◆ PROVIDED DATA:
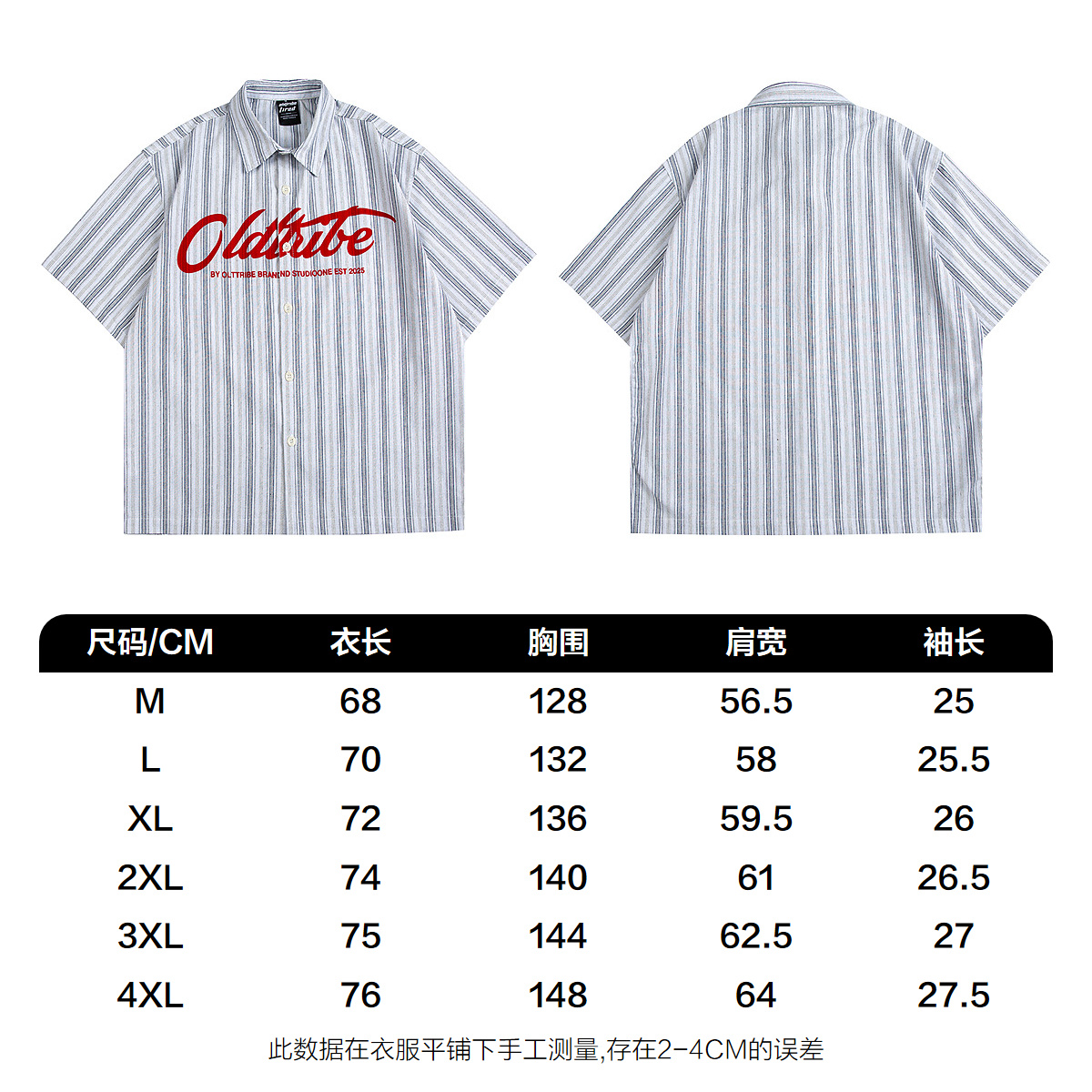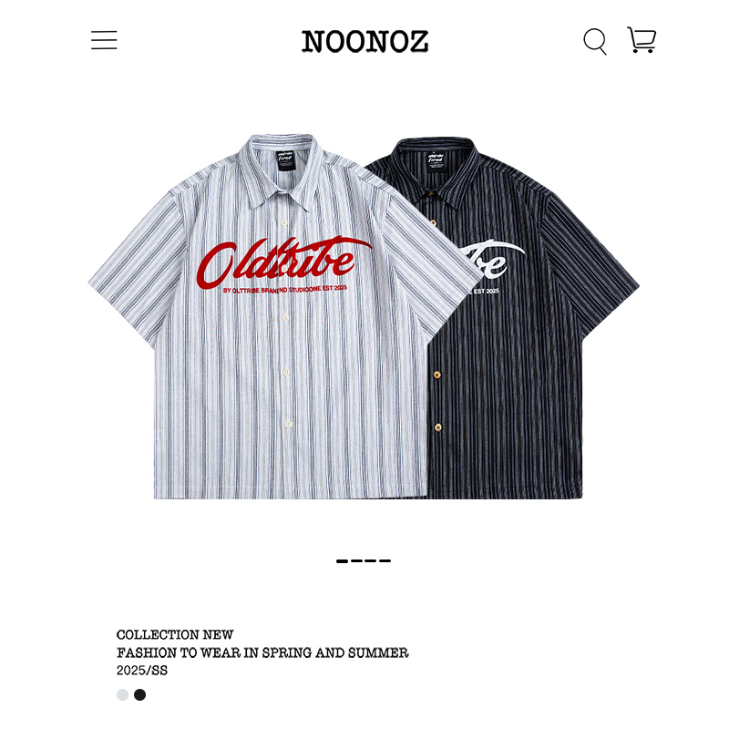 NOONOZ复古美式条纹字母短袖衬衫男女夏季百搭vintage休闲上衣
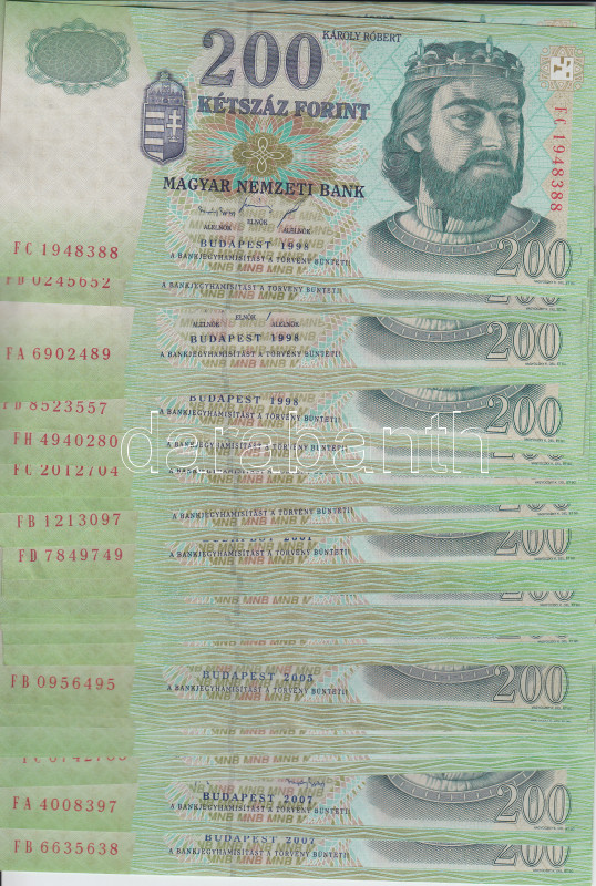 1998-2007. 200Ft 33db, mind különböző évszámmal és betűjellel. T:I-III
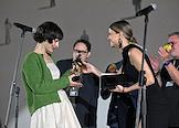 XII Ежегодный российский кинофестиваль короткометражного кино "Короче". Церемония закрытия в Центральном парке. Режиссер Полина Кондратьева (в центре) на церемонии.
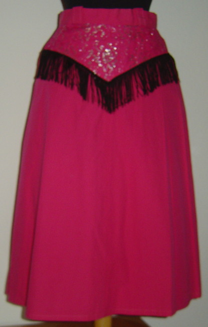 fuchsia farbener Westernrockim vorderen Bereich verziert mit silberner Spitze und schwarzen Fransenhinten 18 cm Reissverschluss und starrer Bund mit Gürtelschlaufen guter Zustand

◆ PROBLEM TO SOLVE:
Would you return the material above exactly, apart from its pictures?

◆ OUTPUT BELOW:
 NOONOZ复古美式条纹字母短袖衬衫男女夏季百搭vintage休闲上衣
 1998-2007. 200Ft 33db, mind különböző évszámmal és betűjellel. T:I-III
 XII Ежегодный российский кинофестиваль короткометражного кино "Короче". Церемония закрытия в Центральном парке. Режиссер Полина Кондратьева (в центре) на церемонии.
 fuchsia farbener Westernrockim vorderen Bereich verziert mit silberner Spitze und schwarzen Fransenhinten 18 cm Reissverschluss und starrer Bund mit Gürtelschlaufen guter Zustand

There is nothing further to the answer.